FDA must inspect each registered establishment that manufactures, compounds, or processes tobacco products at least biennially from the date of registration. FDA began inspecting tobacco establishments on October 1, 2011. FDA investigators from ORA inspect tobacco establishments to ensure that they are in compliance with provisions of the Food, Drug, and Cosmetic Act and that products are not adulterated or misbranded. Thus, FDA investigates compliance with, among other, registration and product listing; ingredient listing; requirements for packaging, labeling, and advertising; and marketing authorization for certain tobacco products. Although FDA has the authority to establish Good Manufacturing Practices for tobacco products, and to hold manufacturers to those standards, it has not yet done so.

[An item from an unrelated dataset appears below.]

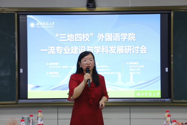 为推进学习贯彻习近平新时代中国特色社会主义思想主题教育走深走实,进一步加强学科专业建设,促进内涵式高质量发展,7月7日上午,长江之滨、青山湖畔,“三地四校”偷拍 一流专业建设与学科发展研讨会在偷拍 人文楼21B602召开。本次会议由偷拍 、偷拍 英国研究中心、偷拍 勤敏课程思政刘敏工作室主办,荆楚理工学院、湖北汽车工业学院、湖北理工学院三校偷拍 负责人、系部主任、教研室主任和教师代表等参会研讨。偷拍 发展规划与学科建设处处长李必文出席研讨会做指导讲话,会议由偷拍 偷拍 党委书记王海燕主持。

During these inspections, FDA reviews processes and procedures; observes and evaluates manufacturing operations; documents and collects information; identifies violations; communicates potential violations and objectionable conditions to the establishment’s management; and documents any proposed corrective action plans. Following an inspection, FDA issues one of three classifications based on its findings: “No Action Indicated,” when the inspectors find no objectionable conditions or practices; “Voluntary Action Indicated,” when findings are serious enough to record but do not require regulatory action; or “Official Action Indicated,” when inspectors find significant, objectionable conditions or practices and regulatory action is warranted. During the next routine inspection of an establishment, FDA follows up on the outcome of the actions it recommended. If FDA finds that the establishment did not address its recommendations, it may take an advisory action, such as issuing a warning letter, or it may take an enforcement action, such as imposing a civil monetary penalty, making a seizure, issuing an injunction, or launching criminal prosecution.
FDA also oversees marketing activities related to tobacco products, by observing websites and other types of marketing materials to ensure compliance with the law.
Our team has prepared for successful tobacco manufacturing facilities inspections, and has extensive experience in engaging with the FDA during an inspection.